When the control unit 14 finishes the preparation process for changing the color map described above, the color element to be changed remains unchanged.
If the color map change is instructed by operating the predetermined button switch of the switch unit 13 twice (step S22.323), first, the addition result of the adder 28 is changed to the predetermined maximum value of color intensity (here Then 100)
It is checked whether it exceeds (step 524). If the addition result of the adder 28 does not exceed the maximum value, the control unit 14 selects this addition result using the selector 29 and writes it back into the original color data field of the register 26.
Thereafter, the contents of the original address of the color map table memory 12 are rewritten with the contents of the register 26 (color map data) (step 525). On the other hand, if the addition result of the adder 28 exceeds the maximum value, the control unit 14 selects a predetermined value 0 by the selector 29 and writes it back to the original color data field of the register 26, and then The contents of the original address of the color map table memory 12 are rewritten with the contents of 26 (step 826).
). When step S25 or step 82B ends, the process returns to step S15.
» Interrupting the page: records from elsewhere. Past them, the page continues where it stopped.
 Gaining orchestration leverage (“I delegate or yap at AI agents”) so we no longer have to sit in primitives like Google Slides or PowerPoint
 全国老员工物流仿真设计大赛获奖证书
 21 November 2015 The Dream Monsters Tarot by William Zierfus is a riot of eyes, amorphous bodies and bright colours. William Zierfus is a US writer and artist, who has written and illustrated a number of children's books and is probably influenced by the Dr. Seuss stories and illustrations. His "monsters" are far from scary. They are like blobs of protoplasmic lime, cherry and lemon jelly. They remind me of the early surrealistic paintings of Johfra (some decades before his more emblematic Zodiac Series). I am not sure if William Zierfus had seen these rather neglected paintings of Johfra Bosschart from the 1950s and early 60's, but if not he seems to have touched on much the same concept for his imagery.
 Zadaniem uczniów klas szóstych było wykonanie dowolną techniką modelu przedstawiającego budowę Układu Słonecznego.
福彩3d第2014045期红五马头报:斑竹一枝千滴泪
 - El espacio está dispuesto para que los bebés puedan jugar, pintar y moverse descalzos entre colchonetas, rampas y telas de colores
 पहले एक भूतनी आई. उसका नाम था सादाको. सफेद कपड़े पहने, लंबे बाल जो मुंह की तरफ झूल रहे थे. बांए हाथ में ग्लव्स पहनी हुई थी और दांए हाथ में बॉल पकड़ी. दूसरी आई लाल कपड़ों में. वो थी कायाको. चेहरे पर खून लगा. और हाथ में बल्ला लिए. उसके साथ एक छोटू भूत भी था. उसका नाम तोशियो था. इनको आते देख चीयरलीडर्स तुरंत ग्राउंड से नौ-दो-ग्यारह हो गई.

As described above, in this embodiment, in a state where R, G, or B color data change is requested, the switch part I3
Every time a predetermined button switch is operated once, the color data (current value) of the color map data in the color map table memory 12 specified by the color map address register 25 changes to (the current value of) ■ΔRG.
If B is added and the added value exceeds the maximum value, the value is 0
will be changed to That is, in this embodiment, the color map can be easily rewritten to a desired amount of change by repeating switch operations. In addition, if it is requested that the color being displayed is not affected, the color map data for the next color to be displayed, which is different from the color map data for other colors, is extracted from the color map table 12-1 and displayed on the screen. Therefore, even if the color map of the color map table 12-0 is rewritten for the next color to be displayed, the color being displayed will not be affected.
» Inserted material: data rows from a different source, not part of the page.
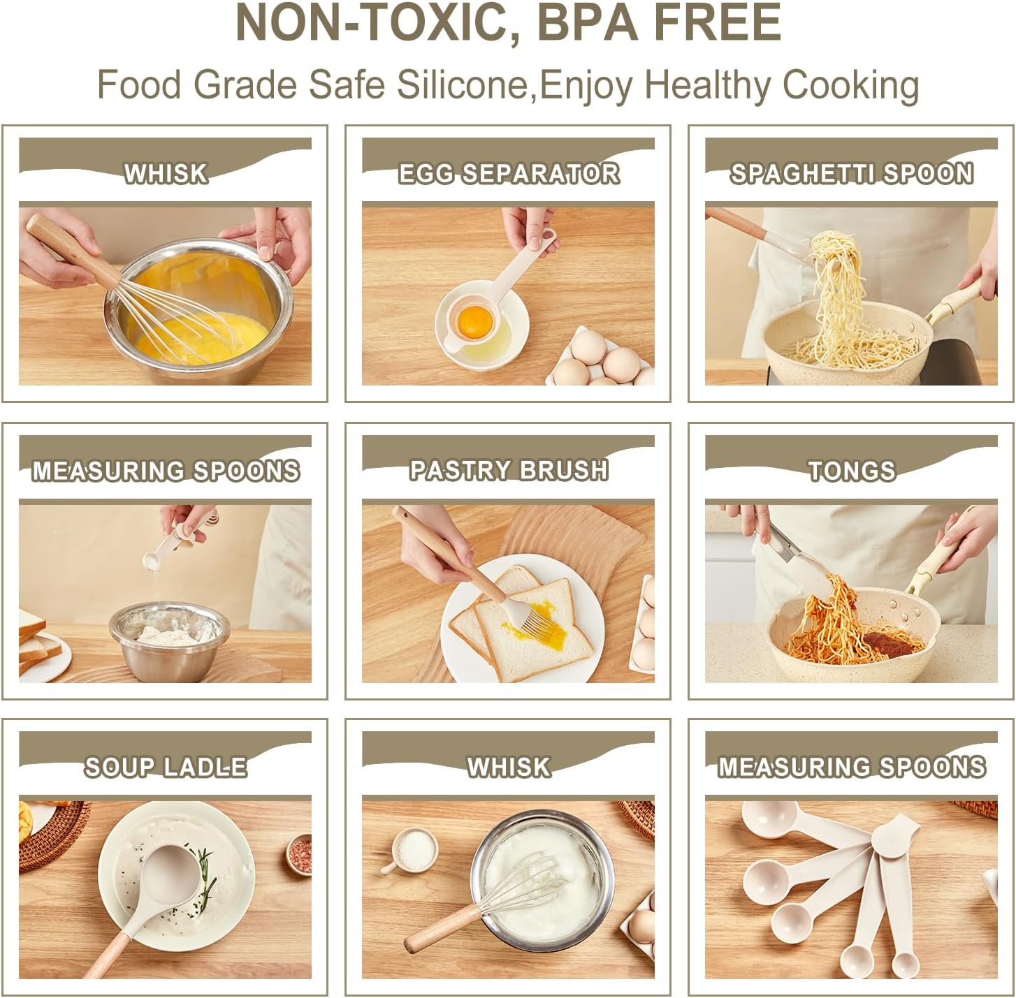 Each kitchen utensils set is made from soft, food-grade silicone that’s completely non-toxic, BPA-free, and gentle on nonstick cookware.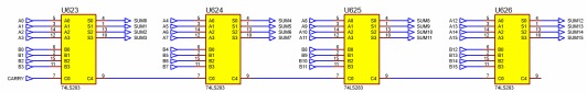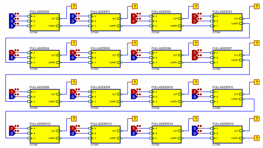 为了构建一个 16 位全加器, 我们需要将 16 个一位全加器串联在一起。对于第 i 个全 加器(0 <= i <= 15), 其输入是 Ai 、Bi 以及来自第 (i-1) 个全加器的进位输出 Cout,i − 1 (对于第 0 个全加器, Cout, − 1 通常设为 0),其输出是 Sumi 和 Cout,i。所以, 我们可以得到:
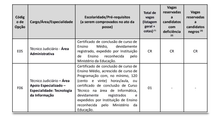Técnico Judiciário – área Apoio Especializado – Tecnologia da Informação – 1 vaga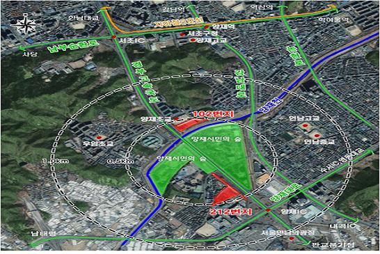 양재동 212번지는 부지면적이 3만1067㎡로 이곳에는 지상 25~35층 공동주택 3개동 총 389가구를 포함 총 619가구의 시프트가 지어진다.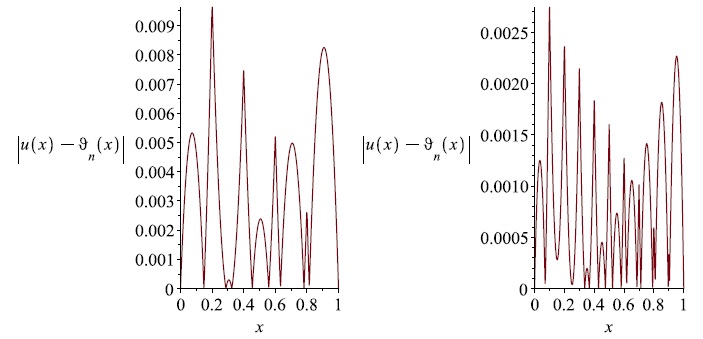 7. Fig. 6. The graphs of the error |u(x)−ϑn(x)| for n = 5 (on the left) and n = 10 (on the right), respectively (for the boundary value problem (24)).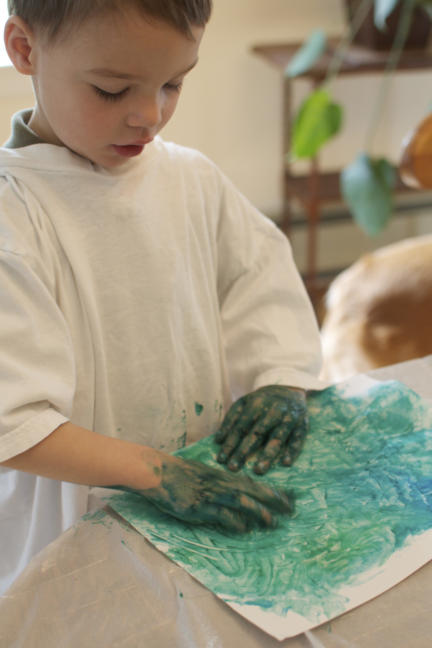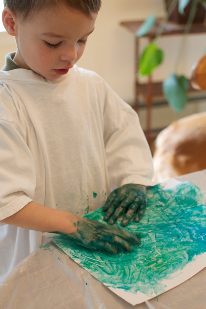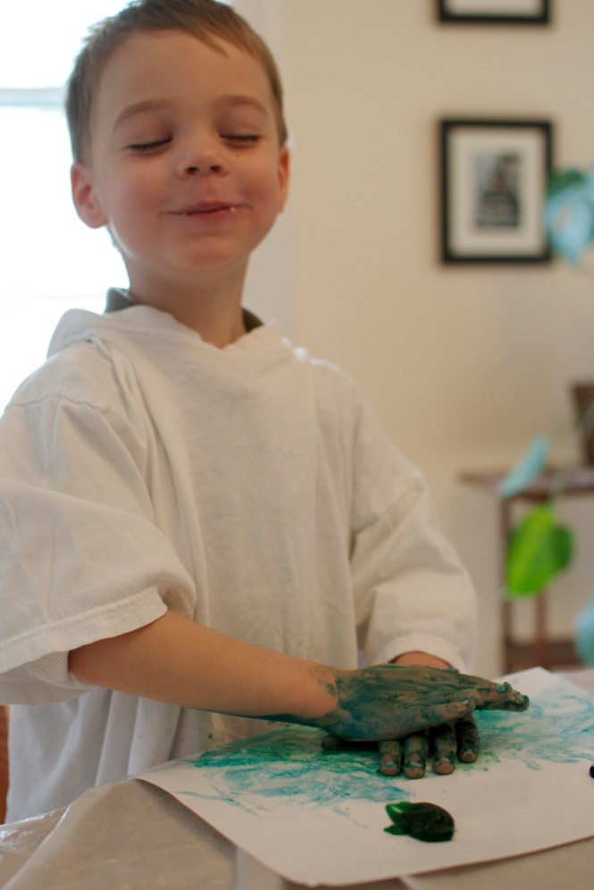 And here he is savoring the first taste of his muffin- while finger-painting!

[Effects of the Invention] As detailed above, according to the present invention, by switching and using two color map tables, it is possible to easily rewrite the color map while looking at the display screen without affecting the currently displayed color. It can be carried out.

[Brief explanation of drawings]

FIG. 1 is a block diagram showing an embodiment of the present invention, FIG. 2 is a diagram showing the correspondence between the frame memory 11 and color map table memory 12 shown in FIG. 1, and FIG. 3 explains the operation. This is a flowchart for 11... Frame memory, 11-0 to 11-4... Bit map memory plane, 12... Color map table memory, 12-0.12-1... Color map table, 13... Switch section, 14...control unit, 2
1... Comparator, 28... Adder.

Claims (1)

[Claims] a first color map table for determining display colors;
In the initial state, a second color map table with the same contents as the first color map table, a table specification bit for specifying either the first or second color map table, and a table specification bit specified by this table specification bit. a frame memory for storing a frame memory pattern consisting of a table address for specifying the address of the first or second color map table; pattern matching detection means for sequentially comparing the frame memory pattern to which the table designating bit for specifying one color map table is added with all the frame memory patterns stored in the frame memory to detect whether or not there is a pattern match; and color map table switching means for changing the table designation bit in the corresponding frame memory pattern of the frame memory to the second color map table designation state each time a match is detected by the pattern match detection means. . A color map rewriting method, characterized in that the first color map table is accessed using a pattern corresponding to the table address specific to the color to be displayed next, and the color map is rewritten.